If anyone could provide solid info that has been proven and not what the pros usually say.
Building science sites and questions to local roofers/ foam sprayers all yield the same responses.
Now to the info:
My shop (garage) is a typical 1 ½ detatched garage without soffits or ridge vent or gable vent.
I sheathed and insulated the walls.
The ceiling area I left open for astetics.
I added an 18000 btu a/c wall unit.
This is sized to the sq ft - although a little larger than needed- the open roof fills that space needed.
Very important is that I live in Houston.
Yes, very humid.
Now for the question.
With no ventilation and trying to make an air conditioned space like in some home attics now.
Would sealing, and adding rigid foam with a sealing around the rigid with spray foam produce enough of a closed environment?
Before anybody suggests adding a ceiling and insulation on top of that... I would rather keep the open area all the way to the roof.
I can add pics if needed.
I have not fully finished to see how the a/c works only because I have to insulate the garage door and replace the entrance door which is a disaster of an install and will need to be replaced.
FYI - the a/c at this time works well enough in 80 degree weather to make it comfortable but in 90 degree and high humid days it struggled naturally because of the door gap and hot pocket at the roof.
Thanks for any help or known proven techniques given.
Especially someone from Houston would know my pain.
 
If you can, add a ceiling fan.

2" XPS foam will yield you an R-10 value. Cut it to fit the bay spaces the best you can with your track saw, slightly snug is good. Get a foam gun, seal the edges and butt joints.

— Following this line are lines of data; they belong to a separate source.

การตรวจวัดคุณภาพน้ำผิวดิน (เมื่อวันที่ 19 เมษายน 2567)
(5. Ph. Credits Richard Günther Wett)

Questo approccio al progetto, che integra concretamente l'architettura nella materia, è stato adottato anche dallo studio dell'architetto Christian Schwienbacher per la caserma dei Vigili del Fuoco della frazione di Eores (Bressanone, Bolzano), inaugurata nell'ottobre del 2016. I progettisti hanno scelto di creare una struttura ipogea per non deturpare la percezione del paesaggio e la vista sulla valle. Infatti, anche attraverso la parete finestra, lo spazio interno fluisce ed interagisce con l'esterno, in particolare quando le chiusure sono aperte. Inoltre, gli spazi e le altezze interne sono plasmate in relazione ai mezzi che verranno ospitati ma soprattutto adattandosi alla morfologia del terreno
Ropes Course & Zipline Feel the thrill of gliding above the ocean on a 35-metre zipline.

If this was a residence you would have to cover it with a fire barrier, check with your AHJ to see if you need to cover it in a shop.

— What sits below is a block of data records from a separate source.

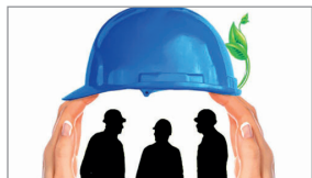
همراه با تحصیل کار کنید!
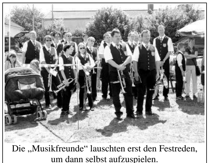
Die „Musikfreunde“ lauschten erst den Festreden, um dann selbst aufzuspielen.
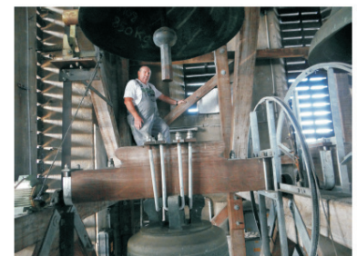
inmitten himmlischen Getöses

Only empirical evidence I have is how well it worked in our home. Our issue was cold weather not hot weather.

Tom
 
I'm in ATL, very similar to Houston conditions.

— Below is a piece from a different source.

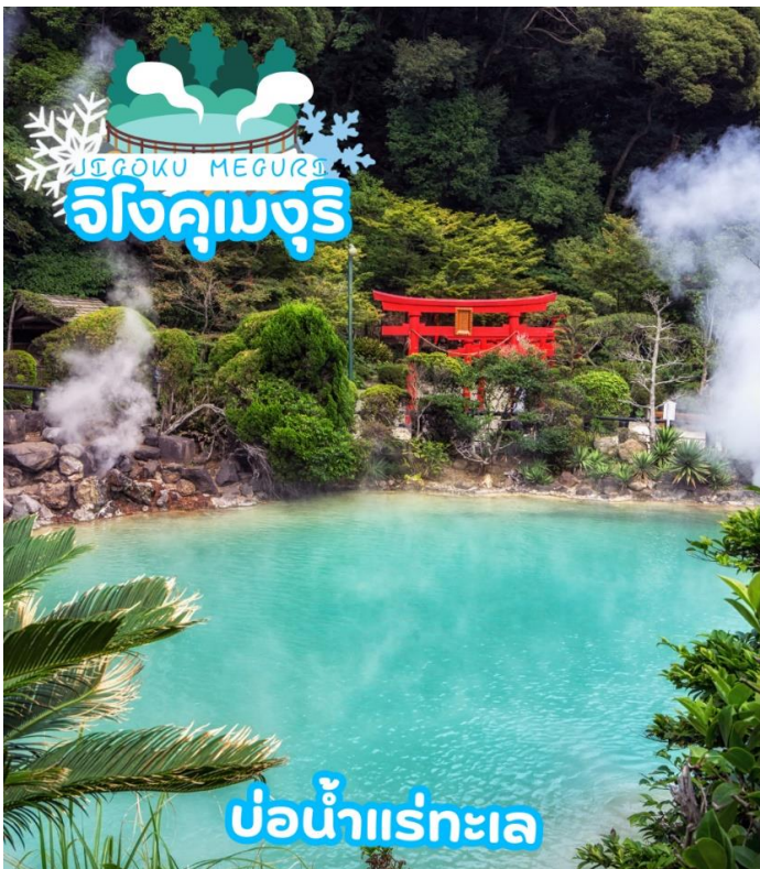
บ่อน้ำแร่ทะเล

ได้เวลาอันสมควรนำท่านเดินทางสู่ เมืองเบปปุ (Beppu) เมืองในจังหวัดโออิตะ (OITA) ตั้งอยู่บนชายฝั่งทะเลตะวันออกของเกาะคิวชู ประเทศญี่ปุ่น เป็นเมืองท่องเที่ยวแช่น้ำพุร้อนยอดนิยมของญี่ปุ่น จัดเป็นเมืองที่มีรีสอร์ทน้ำแร่มากที่สุด นักท่องเที่ยวนิยมมาแช่ออนเซนหรืออบทรายร้อนริมทะเลที่เมืองนี้

We re-did our garage two years ago to add some space, windows and a door.  Had the whole thing foamed like a cooler. 3 1/2 - 5". It stays very comfortable in the spring, fall, winter.  In the summer it will climb to around 80 btw 1-6pm because it gets full sun from around 9am til 6.  No a/c. Wish I had even though it's just for parking cars and toys. If I had ac I have no doubt I could keep it 65 deg. with little trouble and expense.  I still may add a split , but have to decide btw that or an elect. car charger.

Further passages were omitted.